- [Your instructions]:
Transcribe nothing except the lines below that run from the one with "Пион Avis Varner" to the one with "Detailný strieborný prívesok", ends included, and do not copy any picture.
————
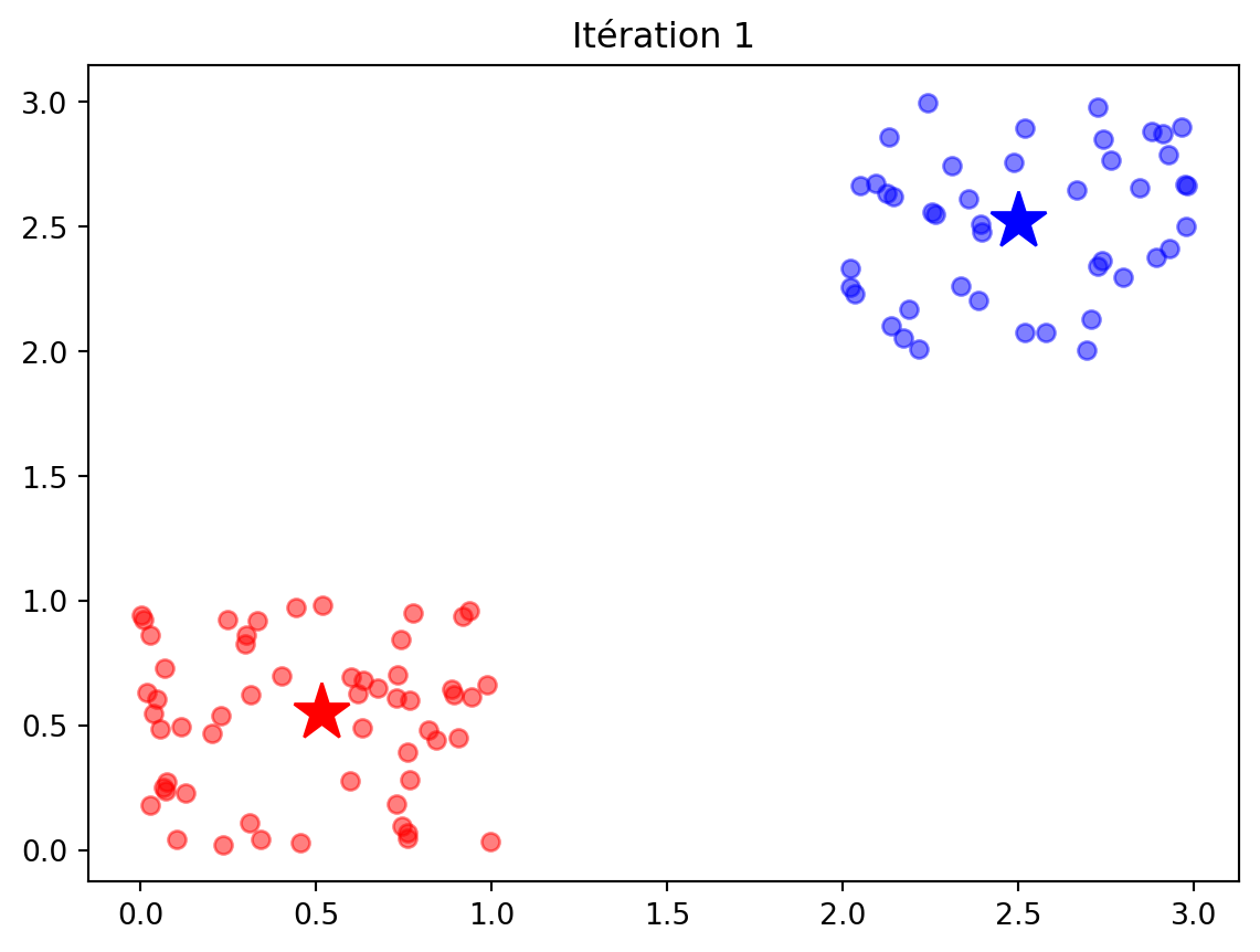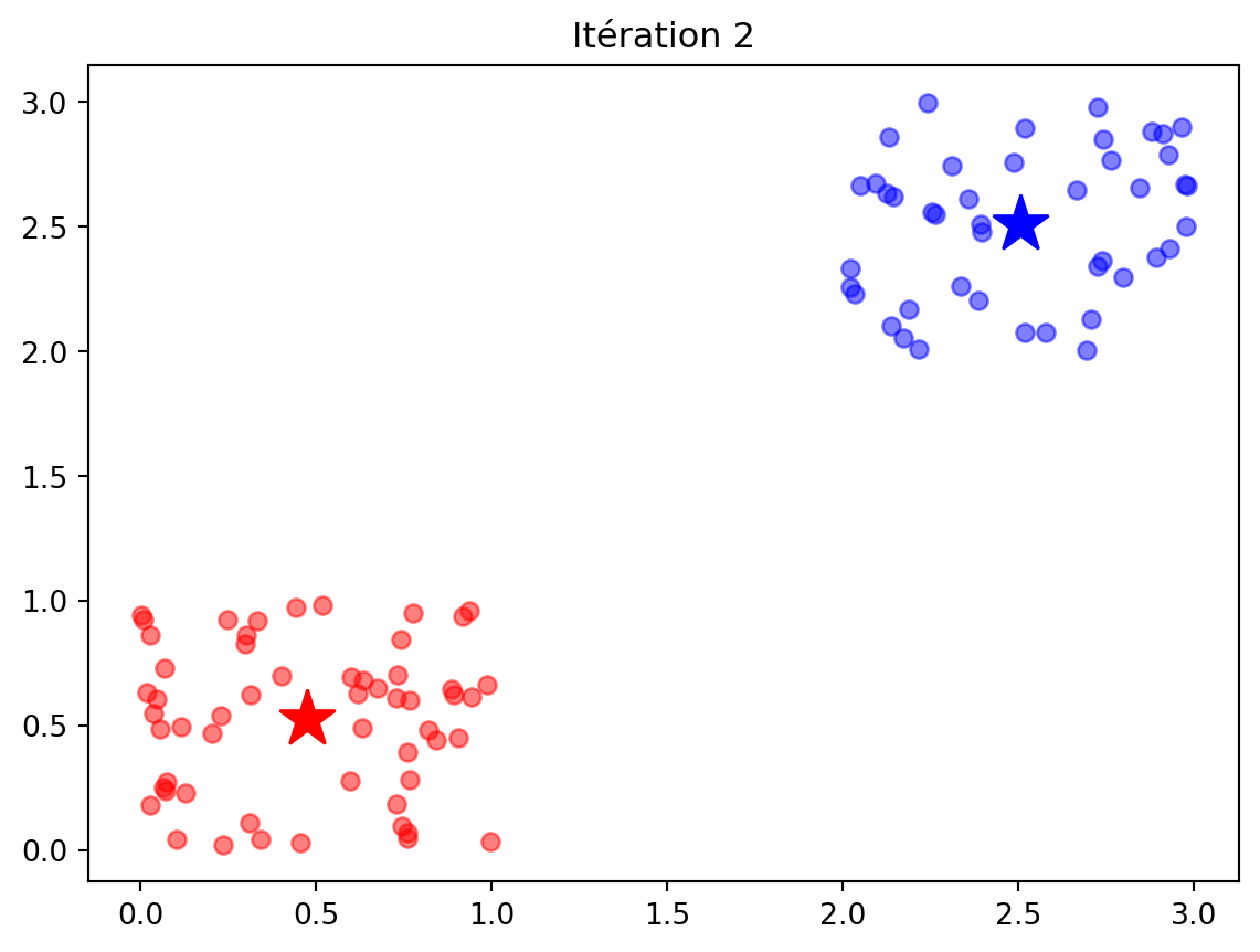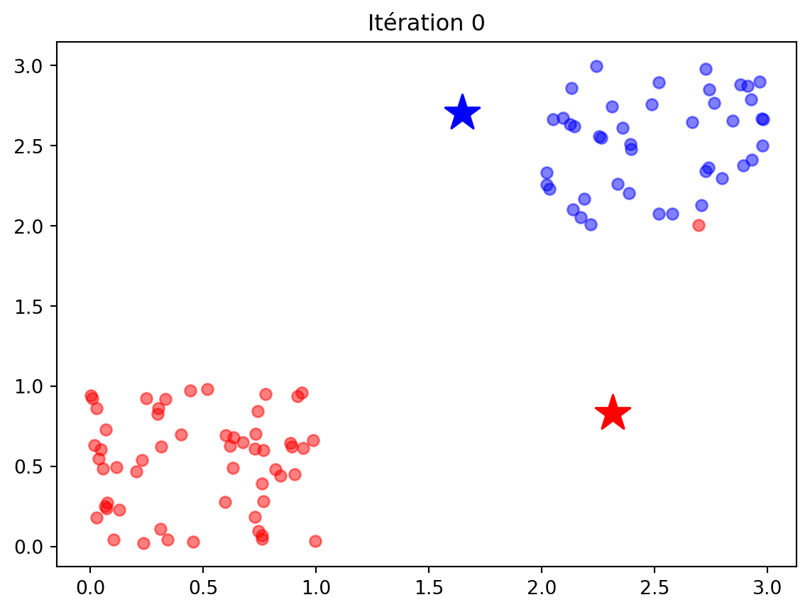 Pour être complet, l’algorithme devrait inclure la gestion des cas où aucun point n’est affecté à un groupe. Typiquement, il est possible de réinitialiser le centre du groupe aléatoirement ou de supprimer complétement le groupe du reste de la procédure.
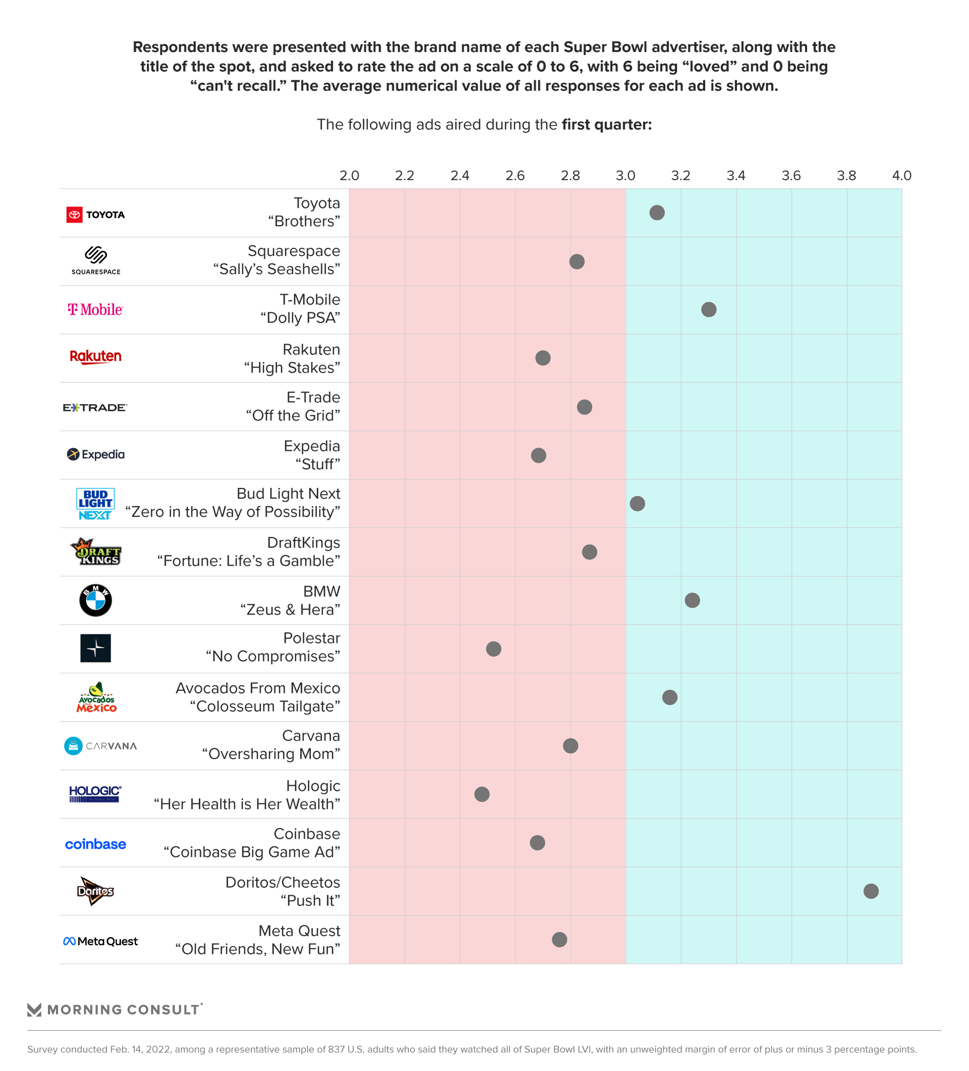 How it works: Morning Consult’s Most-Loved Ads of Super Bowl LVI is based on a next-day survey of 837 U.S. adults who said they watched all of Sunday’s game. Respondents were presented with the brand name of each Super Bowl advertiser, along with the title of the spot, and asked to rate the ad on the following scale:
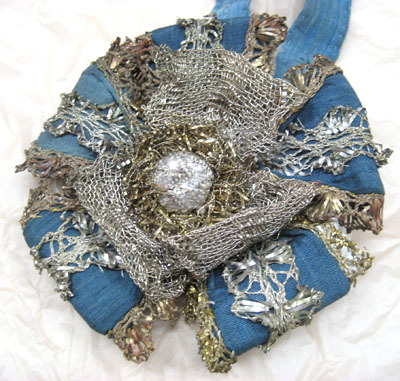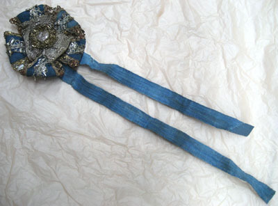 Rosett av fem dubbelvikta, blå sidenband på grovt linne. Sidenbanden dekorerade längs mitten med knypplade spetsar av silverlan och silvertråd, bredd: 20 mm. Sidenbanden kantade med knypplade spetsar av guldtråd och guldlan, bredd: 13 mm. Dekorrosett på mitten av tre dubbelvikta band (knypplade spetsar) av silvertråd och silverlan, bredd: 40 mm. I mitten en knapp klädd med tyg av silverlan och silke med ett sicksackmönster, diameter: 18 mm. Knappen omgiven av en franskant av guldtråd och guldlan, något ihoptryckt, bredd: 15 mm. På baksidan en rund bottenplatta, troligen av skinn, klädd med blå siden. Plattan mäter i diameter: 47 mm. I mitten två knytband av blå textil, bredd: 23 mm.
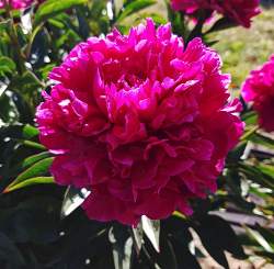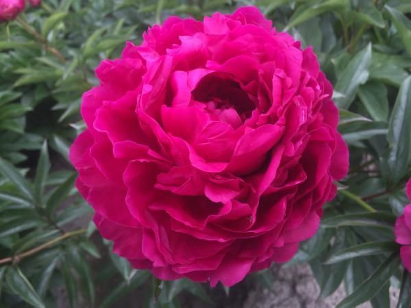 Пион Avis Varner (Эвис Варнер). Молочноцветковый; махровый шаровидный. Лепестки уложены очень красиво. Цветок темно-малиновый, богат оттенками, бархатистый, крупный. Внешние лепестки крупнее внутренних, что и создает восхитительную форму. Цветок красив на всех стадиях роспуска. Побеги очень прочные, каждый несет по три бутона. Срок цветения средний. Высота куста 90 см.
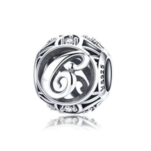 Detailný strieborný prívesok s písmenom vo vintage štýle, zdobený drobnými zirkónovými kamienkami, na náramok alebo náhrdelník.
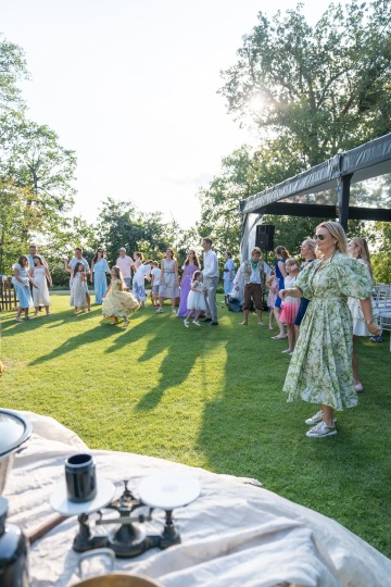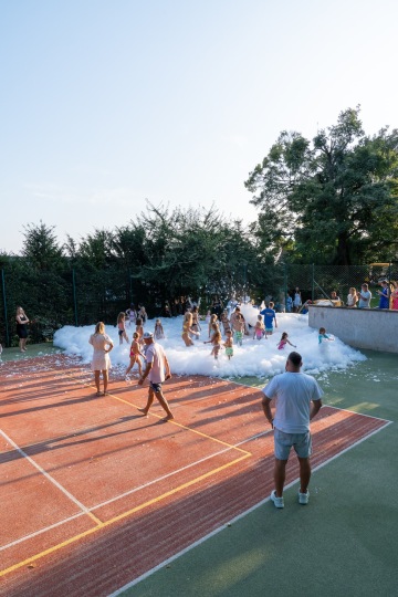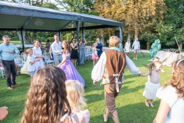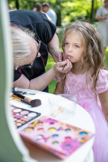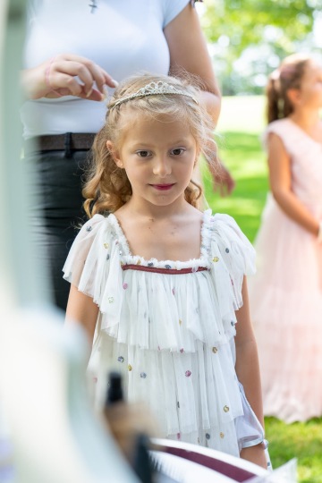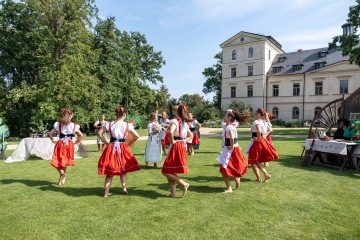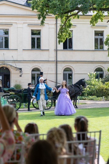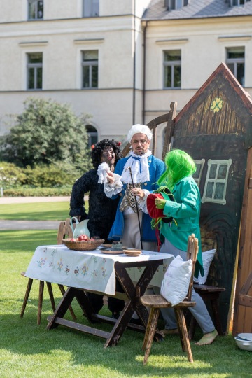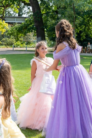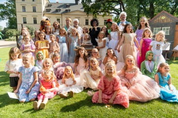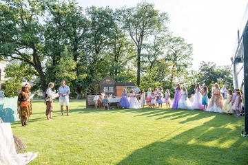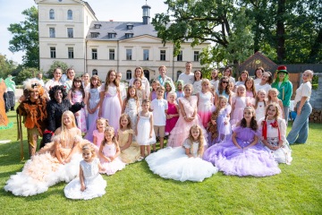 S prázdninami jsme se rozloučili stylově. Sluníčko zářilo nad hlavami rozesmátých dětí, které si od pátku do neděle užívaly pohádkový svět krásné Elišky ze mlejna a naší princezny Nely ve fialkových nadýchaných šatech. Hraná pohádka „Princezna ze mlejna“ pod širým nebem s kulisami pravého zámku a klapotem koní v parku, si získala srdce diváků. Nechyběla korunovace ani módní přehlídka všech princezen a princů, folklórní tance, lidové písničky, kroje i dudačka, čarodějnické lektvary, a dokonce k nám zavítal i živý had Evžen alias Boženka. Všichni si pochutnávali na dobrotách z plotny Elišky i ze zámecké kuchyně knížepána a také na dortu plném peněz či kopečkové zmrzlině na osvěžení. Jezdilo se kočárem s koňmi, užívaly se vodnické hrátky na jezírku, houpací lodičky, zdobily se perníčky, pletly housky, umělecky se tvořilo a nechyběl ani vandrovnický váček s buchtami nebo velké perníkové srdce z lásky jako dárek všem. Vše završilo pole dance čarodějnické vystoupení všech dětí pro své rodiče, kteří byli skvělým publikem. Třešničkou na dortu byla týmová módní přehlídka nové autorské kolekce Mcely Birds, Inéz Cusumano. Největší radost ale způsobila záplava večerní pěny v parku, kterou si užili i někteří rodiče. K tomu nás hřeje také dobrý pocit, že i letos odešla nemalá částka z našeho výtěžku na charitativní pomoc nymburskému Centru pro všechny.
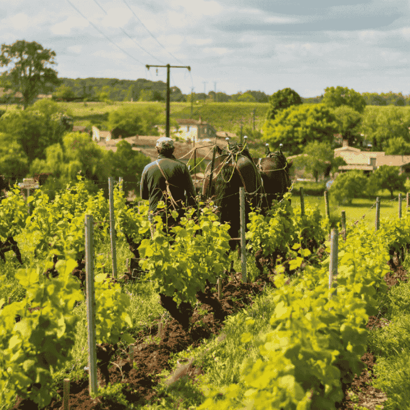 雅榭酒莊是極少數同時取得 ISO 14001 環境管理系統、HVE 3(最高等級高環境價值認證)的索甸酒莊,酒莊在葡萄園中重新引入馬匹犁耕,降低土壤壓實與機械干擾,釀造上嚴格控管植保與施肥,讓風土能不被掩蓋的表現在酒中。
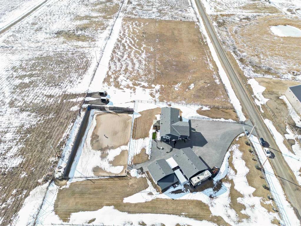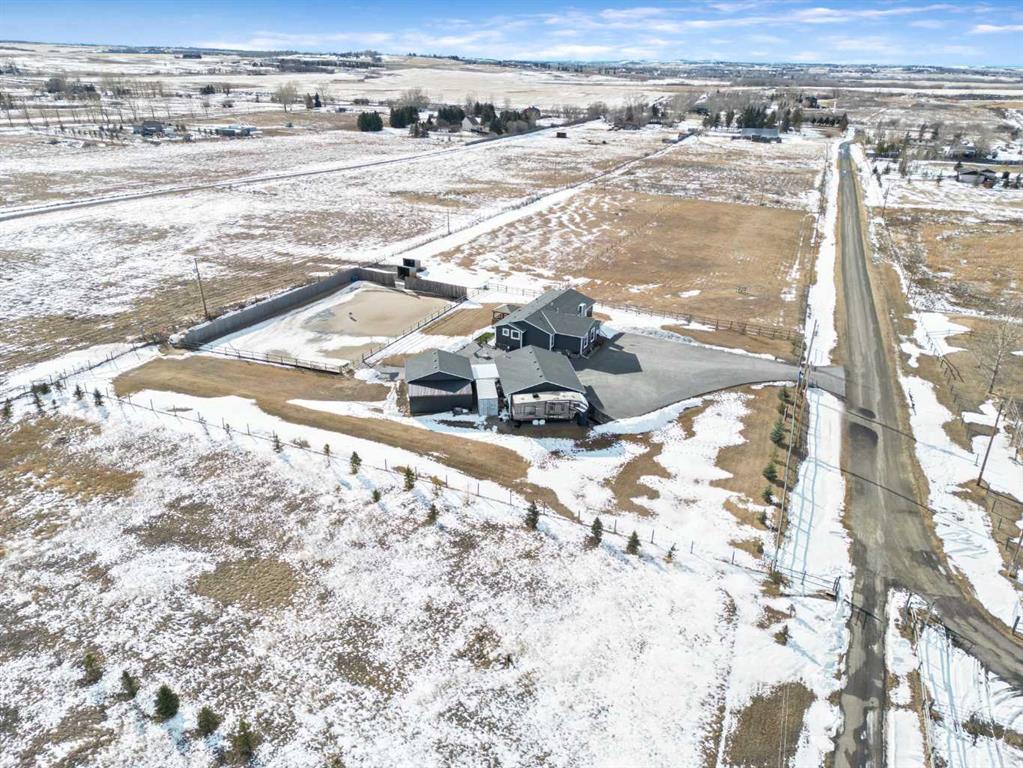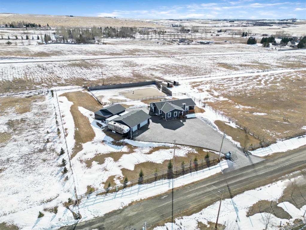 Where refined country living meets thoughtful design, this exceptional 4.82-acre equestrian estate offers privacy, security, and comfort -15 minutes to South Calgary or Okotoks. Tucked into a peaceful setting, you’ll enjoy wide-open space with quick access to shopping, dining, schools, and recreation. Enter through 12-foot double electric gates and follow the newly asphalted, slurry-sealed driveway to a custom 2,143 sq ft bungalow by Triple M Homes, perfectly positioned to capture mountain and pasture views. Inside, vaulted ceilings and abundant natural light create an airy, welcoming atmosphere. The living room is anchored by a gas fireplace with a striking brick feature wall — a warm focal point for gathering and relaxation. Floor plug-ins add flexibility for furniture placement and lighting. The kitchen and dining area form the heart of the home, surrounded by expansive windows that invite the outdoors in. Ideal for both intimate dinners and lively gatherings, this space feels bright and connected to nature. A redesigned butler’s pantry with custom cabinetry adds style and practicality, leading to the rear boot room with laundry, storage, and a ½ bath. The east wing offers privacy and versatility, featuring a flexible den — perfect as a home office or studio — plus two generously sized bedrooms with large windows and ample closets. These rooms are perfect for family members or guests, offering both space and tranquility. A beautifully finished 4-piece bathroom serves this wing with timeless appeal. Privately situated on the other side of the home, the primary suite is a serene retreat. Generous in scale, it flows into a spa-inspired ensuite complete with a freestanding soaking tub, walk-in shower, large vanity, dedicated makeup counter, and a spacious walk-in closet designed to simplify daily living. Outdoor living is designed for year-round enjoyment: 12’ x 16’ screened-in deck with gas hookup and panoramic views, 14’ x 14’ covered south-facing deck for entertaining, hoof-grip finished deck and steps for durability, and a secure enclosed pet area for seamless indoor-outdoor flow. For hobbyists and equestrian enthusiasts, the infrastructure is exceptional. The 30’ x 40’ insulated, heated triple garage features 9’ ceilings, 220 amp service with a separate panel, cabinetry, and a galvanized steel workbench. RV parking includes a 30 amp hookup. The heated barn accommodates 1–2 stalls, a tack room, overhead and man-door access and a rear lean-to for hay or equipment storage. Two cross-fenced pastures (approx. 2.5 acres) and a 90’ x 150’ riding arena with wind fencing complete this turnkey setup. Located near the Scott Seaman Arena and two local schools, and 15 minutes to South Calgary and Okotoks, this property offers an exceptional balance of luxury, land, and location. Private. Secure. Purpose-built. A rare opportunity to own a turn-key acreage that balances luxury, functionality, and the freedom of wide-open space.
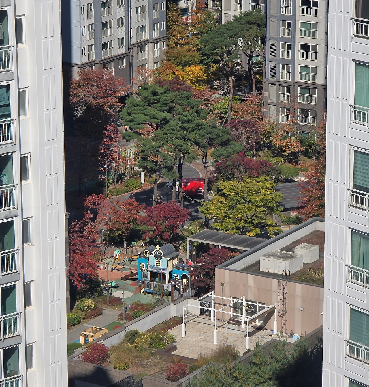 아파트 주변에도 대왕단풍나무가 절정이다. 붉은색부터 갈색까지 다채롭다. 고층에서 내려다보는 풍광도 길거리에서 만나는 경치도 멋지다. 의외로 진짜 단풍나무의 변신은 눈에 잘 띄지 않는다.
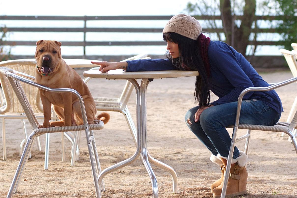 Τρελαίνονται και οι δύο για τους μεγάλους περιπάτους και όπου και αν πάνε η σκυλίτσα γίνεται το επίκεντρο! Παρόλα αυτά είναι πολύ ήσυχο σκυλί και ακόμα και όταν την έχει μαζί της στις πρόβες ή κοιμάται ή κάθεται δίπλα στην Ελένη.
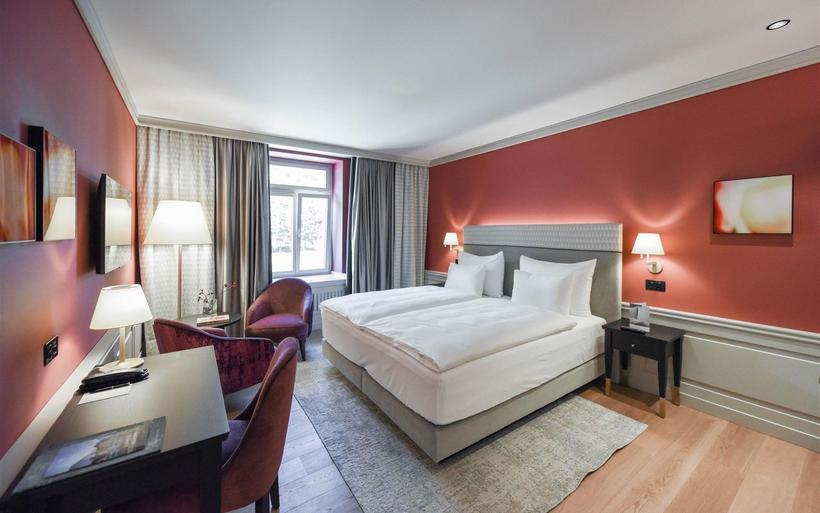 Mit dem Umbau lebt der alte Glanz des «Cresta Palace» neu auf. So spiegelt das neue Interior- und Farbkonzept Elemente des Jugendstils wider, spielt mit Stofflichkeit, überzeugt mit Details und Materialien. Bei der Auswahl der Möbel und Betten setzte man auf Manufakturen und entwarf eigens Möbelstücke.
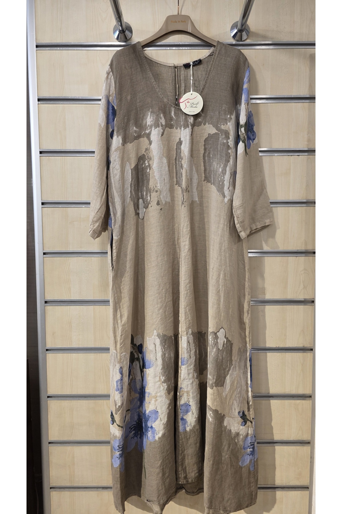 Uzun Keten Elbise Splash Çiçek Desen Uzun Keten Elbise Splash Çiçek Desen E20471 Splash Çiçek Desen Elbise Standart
————
- [Answer to the problem]:
 Пион Avis Varner (Эвис Варнер). Молочноцветковый; махровый шаровидный. Лепестки уложены очень красиво. Цветок темно-малиновый, богат оттенками, бархатистый, крупный. Внешние лепестки крупнее внутренних, что и создает восхитительную форму. Цветок красив на всех стадиях роспуска. Побеги очень прочные, каждый несет по три бутона. Срок цветения средний. Высота куста 90 см.
 Detailný strieborný prívesok s písmenom vo vintage štýle, zdobený drobnými zirkónovými kamienkami, na náramok alebo náhrdelník.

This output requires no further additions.